_EXCERPTED DATA:_
►

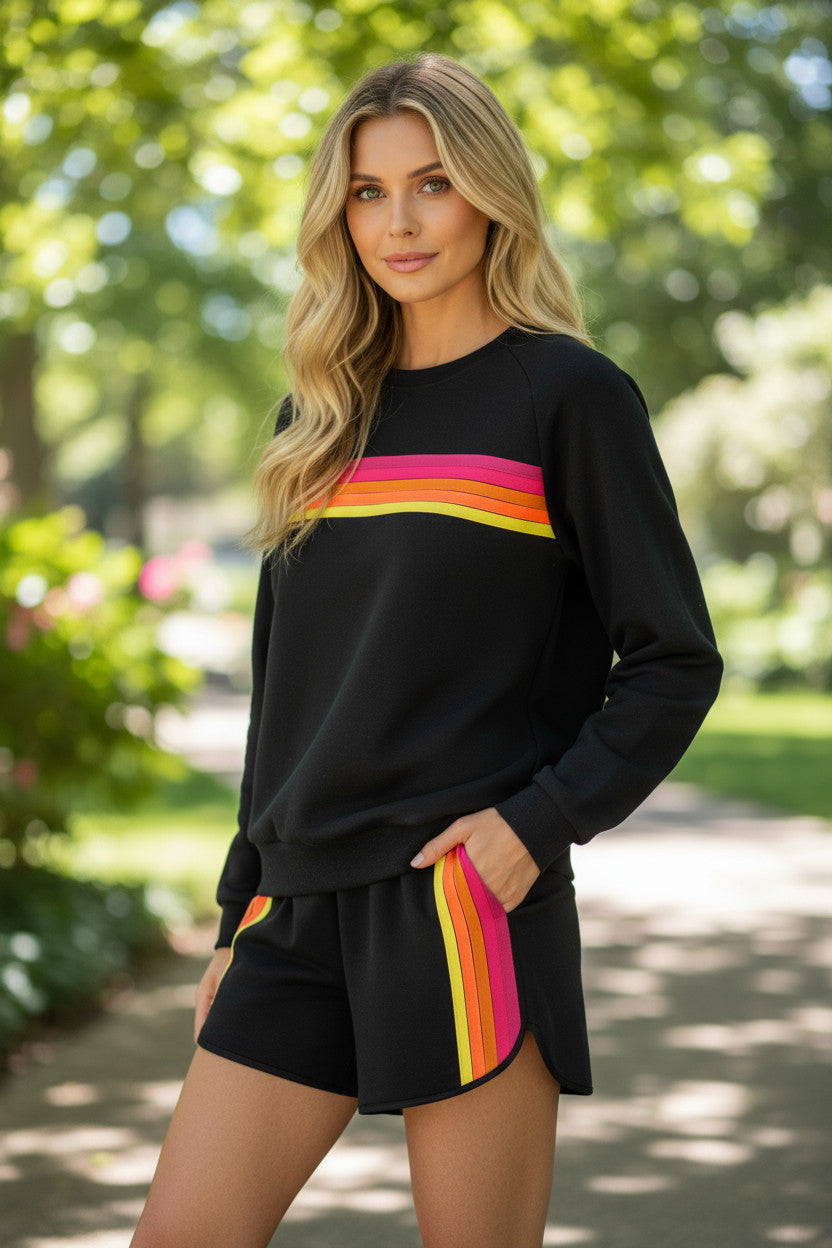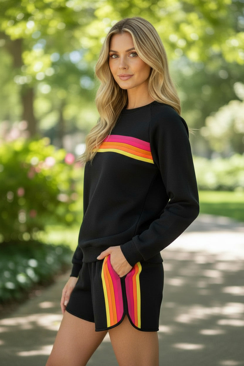 Cet ensemble décontracté combine confort et tendance avec une touche de modernité grâce à ses rayures élégantes qui apportent du contraste et du caractère.
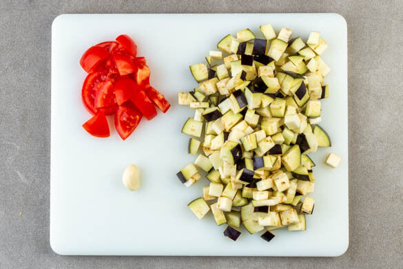 Die Aubergine in ca. 1cm große Würfel schneiden. Die Tomaten in 2–3cm große Stücke schneiden und den Knoblauch schälen.
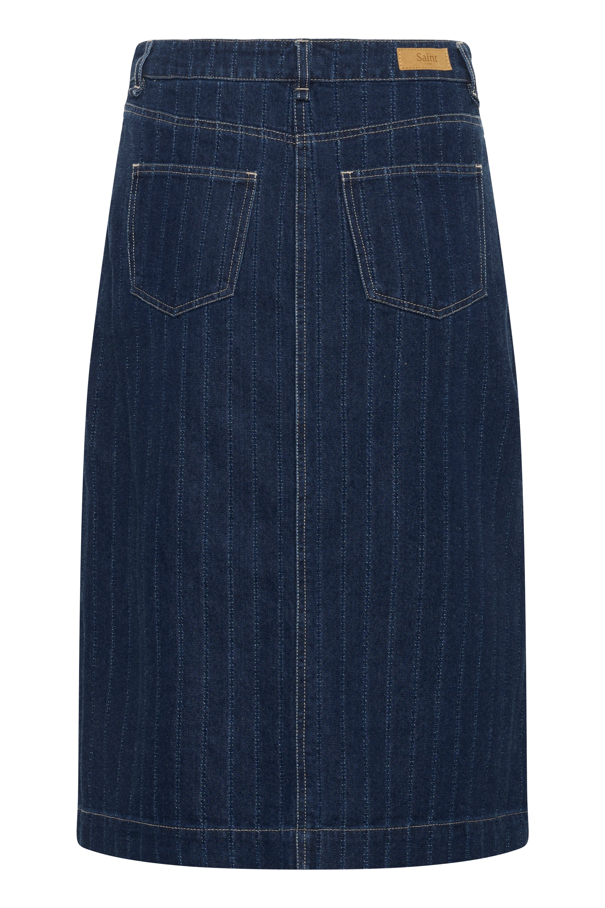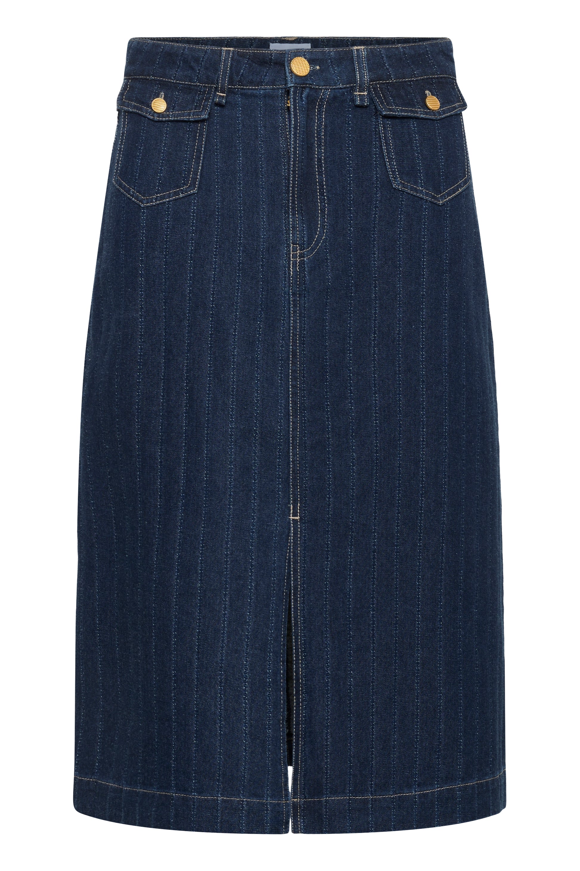 Denim midi skirt for women combines classic style with modern comfort. Features a straight fit, front slit, belt loops, and button details for versatile everyday wear. High waisted
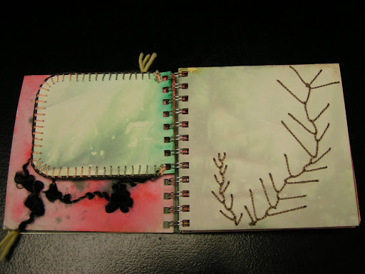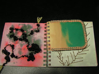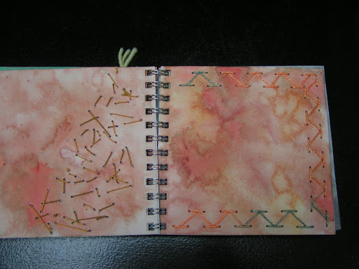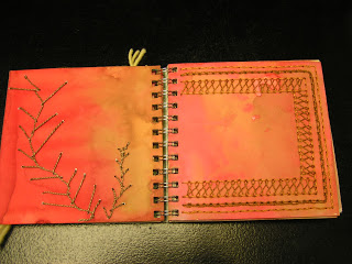 The page on the right has herringbone stitch. I still have to do a “knotted” page for homework. I think I will be using one of the black/grey backgrounds with some of my orange hand dyed threads to resemble a lichen photo that I have. There are still 8 pages that are blank so if you have a suggestion for a stitch that I haven’t done and would work well through punched holes, let me know.
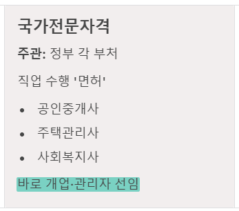 - 국가전문자격 (각 정부 부처 주관): 특정 직업을 수행하기 위한 '면허'에 가깝습니다. (예: 공인중개사, 주택관리사, 사회복지사). 취득하면 바로 개업하거나 해당 직무의 관리자로 선임될 수 있어 전문성이 높습니다.
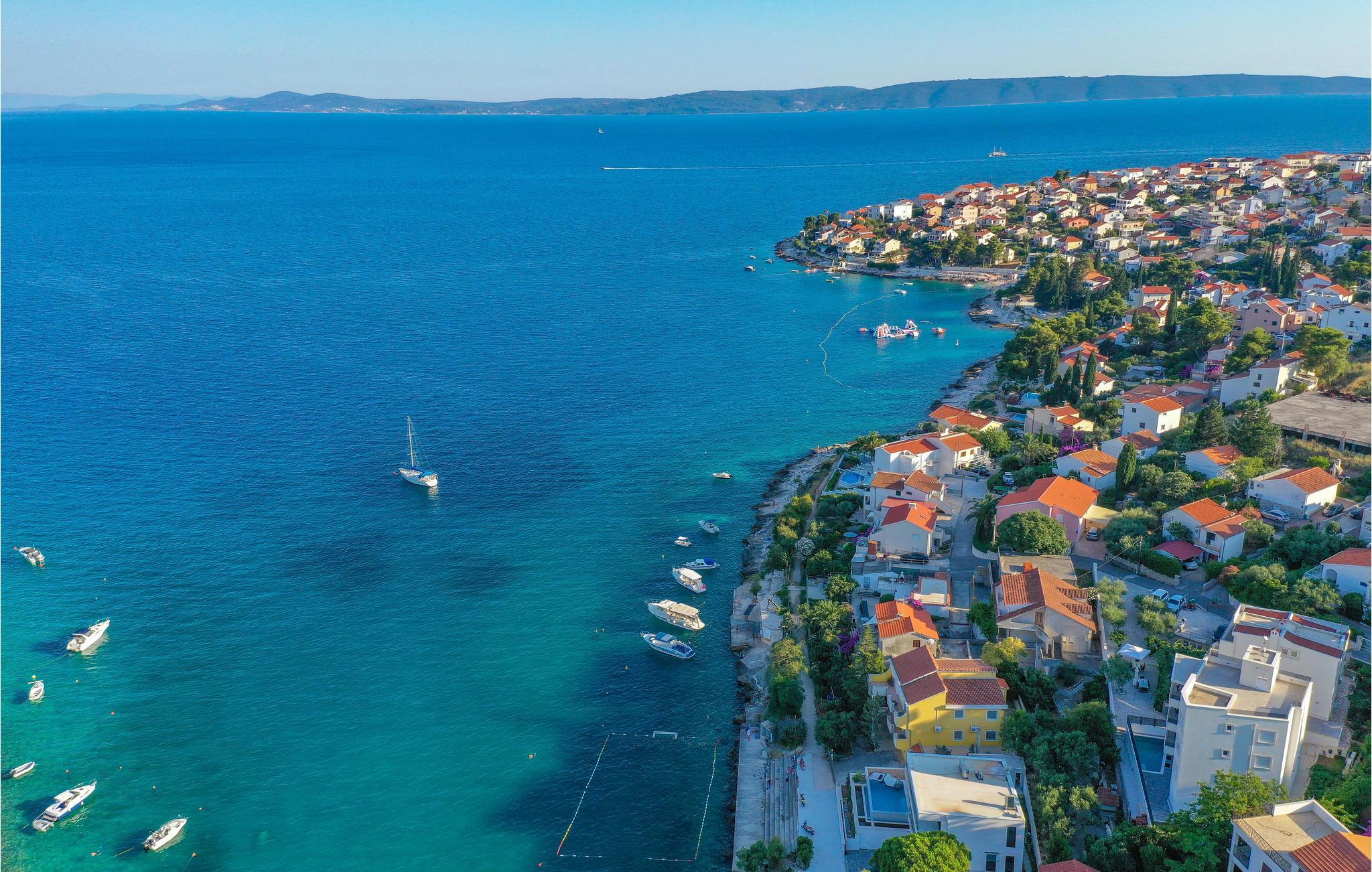 Nyd en storslået udsigt over havet i denne komfortable lejlighed med adgang til poolen. Lejligheden byder dig velkommen med en smuk atmosfære og en indbydende feel-good atmosfære. Nyd hyggelige timer sammen i den moderne stue. Her kan du tilberede dine yndlingsretter i det moderne køkken og derefter nyde dem på den rummelige terrasse med en vidunderlig panoramaudsigt over havet og øerne. I husets fælles have venter en skøn swimmingpool på dig, hvor du kan køle af og derefter slappe af i solen. Smid dit badehåndklæde over skulderen og gå de få meter til plateaustranden, hvor du kan hoppe i det fantastiske havvand. Øen Ciovo er særligt interessant for vandelskere og vandrere, og øens lystbådehavn er en af de smukkeste i det centrale Dalmatien. Du kan også tage en tur til byen Trogir. Saint Lawrence-katedralen er byens hovedattraktion, men gå ikke glip af det venetianske klokketårn og Cipiko-paladset på katedralpladsen. God fornøjelse i denne indbydende feriebolig ved havet!

◄

_WHAT YOU NEED TO DO:_
The expected response is every line of the material, written out exactly, with the images removed.

_TASK SOLUTION:_
 Cet ensemble décontracté combine confort et tendance avec une touche de modernité grâce à ses rayures élégantes qui apportent du contraste et du caractère.
 Die Aubergine in ca. 1cm große Würfel schneiden. Die Tomaten in 2–3cm große Stücke schneiden und den Knoblauch schälen.
 Denim midi skirt for women combines classic style with modern comfort. Features a straight fit, front slit, belt loops, and button details for versatile everyday wear. High waisted
 The page on the right has herringbone stitch. I still have to do a “knotted” page for homework. I think I will be using one of the black/grey backgrounds with some of my orange hand dyed threads to resemble a lichen photo that I have. There are still 8 pages that are blank so if you have a suggestion for a stitch that I haven’t done and would work well through punched holes, let me know.
 - 국가전문자격 (각 정부 부처 주관): 특정 직업을 수행하기 위한 '면허'에 가깝습니다. (예: 공인중개사, 주택관리사, 사회복지사). 취득하면 바로 개업하거나 해당 직무의 관리자로 선임될 수 있어 전문성이 높습니다.
 Nyd en storslået udsigt over havet i denne komfortable lejlighed med adgang til poolen. Lejligheden byder dig velkommen med en smuk atmosfære og en indbydende feel-good atmosfære. Nyd hyggelige timer sammen i den moderne stue. Her kan du tilberede dine yndlingsretter i det moderne køkken og derefter nyde dem på den rummelige terrasse med en vidunderlig panoramaudsigt over havet og øerne. I husets fælles have venter en skøn swimmingpool på dig, hvor du kan køle af og derefter slappe af i solen. Smid dit badehåndklæde over skulderen og gå de få meter til plateaustranden, hvor du kan hoppe i det fantastiske havvand. Øen Ciovo er særligt interessant for vandelskere og vandrere, og øens lystbådehavn er en af de smukkeste i det centrale Dalmatien. Du kan også tage en tur til byen Trogir. Saint Lawrence-katedralen er byens hovedattraktion, men gå ikke glip af det venetianske klokketårn og Cipiko-paladset på katedralpladsen. God fornøjelse i denne indbydende feriebolig ved havet!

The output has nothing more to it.